▶ **BRIEF**
Please write out only the lines from the line with "Ręcznie wykonany ceramiczny" to the line with "[VIDEO] Suami isteri", inclusive, exactly as they stand below, without the pictures.
STUDY MATERIAL Start Marker
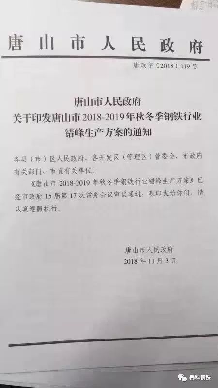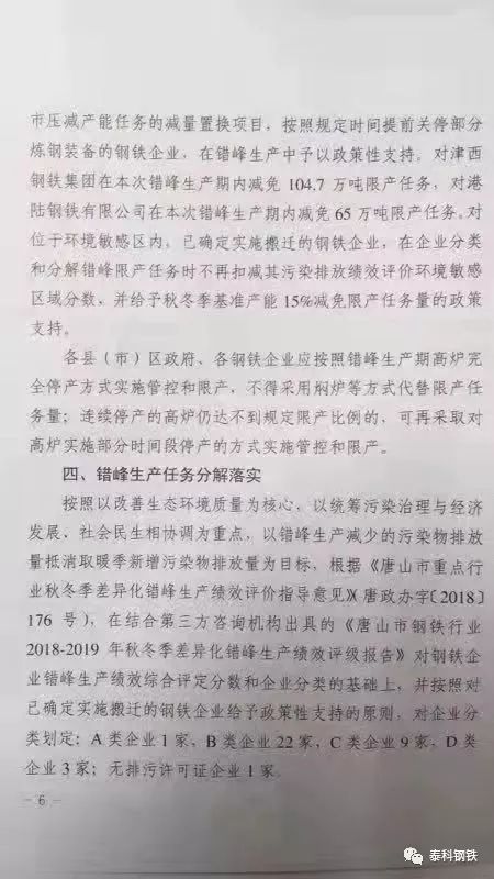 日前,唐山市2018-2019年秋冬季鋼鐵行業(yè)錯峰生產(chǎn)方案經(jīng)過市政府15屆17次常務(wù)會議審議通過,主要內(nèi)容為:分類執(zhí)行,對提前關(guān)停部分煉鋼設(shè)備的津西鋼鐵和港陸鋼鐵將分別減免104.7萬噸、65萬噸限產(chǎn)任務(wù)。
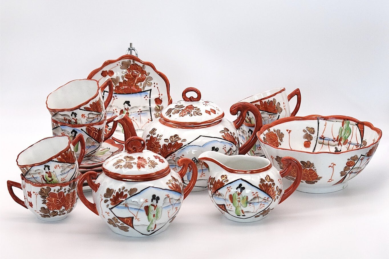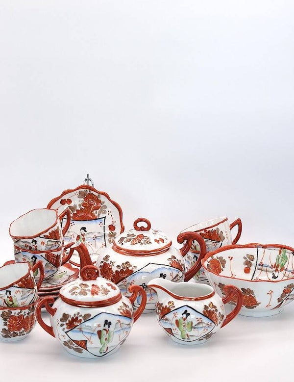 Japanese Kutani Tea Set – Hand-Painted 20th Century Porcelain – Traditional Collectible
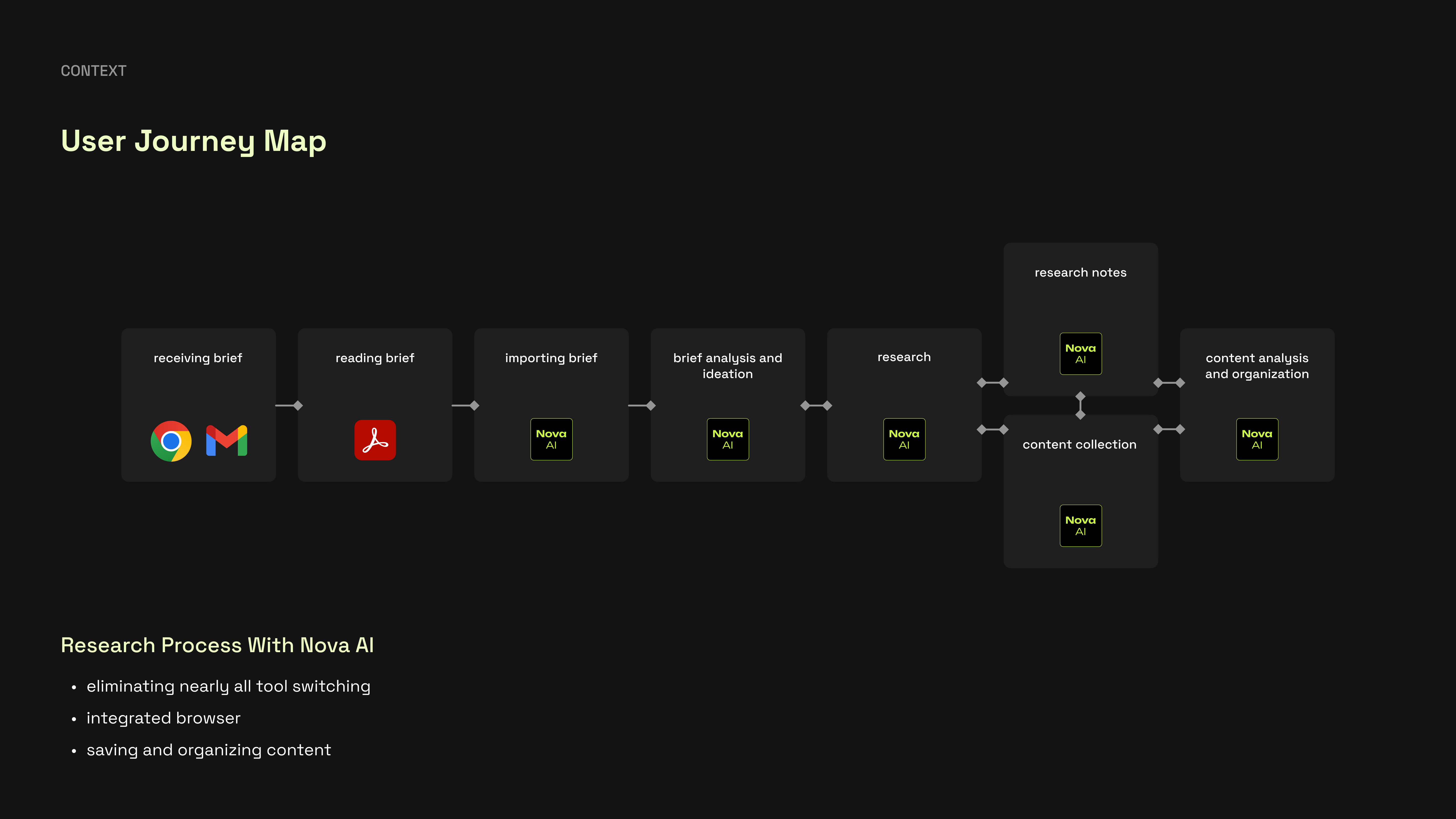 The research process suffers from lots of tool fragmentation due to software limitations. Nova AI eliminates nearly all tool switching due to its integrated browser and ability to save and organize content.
STUDY MATERIAL End Marker
STUDY MATERIAL Start Marker
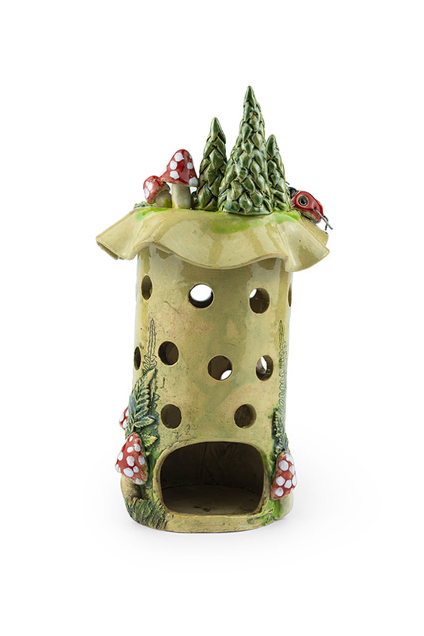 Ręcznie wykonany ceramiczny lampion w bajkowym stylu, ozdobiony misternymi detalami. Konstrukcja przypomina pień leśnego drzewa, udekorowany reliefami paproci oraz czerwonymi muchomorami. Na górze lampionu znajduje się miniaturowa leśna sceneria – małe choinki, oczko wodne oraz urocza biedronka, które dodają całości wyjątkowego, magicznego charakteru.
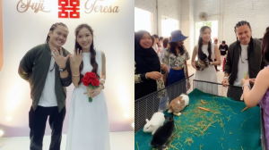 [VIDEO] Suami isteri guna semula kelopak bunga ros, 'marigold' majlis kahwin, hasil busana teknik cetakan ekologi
STUDY MATERIAL End Marker
▶ **TASK RESULT**
 Ręcznie wykonany ceramiczny lampion w bajkowym stylu, ozdobiony misternymi detalami. Konstrukcja przypomina pień leśnego drzewa, udekorowany reliefami paproci oraz czerwonymi muchomorami. Na górze lampionu znajduje się miniaturowa leśna sceneria – małe choinki, oczko wodne oraz urocza biedronka, które dodają całości wyjątkowego, magicznego charakteru.
 [VIDEO] Suami isteri guna semula kelopak bunga ros, 'marigold' majlis kahwin, hasil busana teknik cetakan ekologi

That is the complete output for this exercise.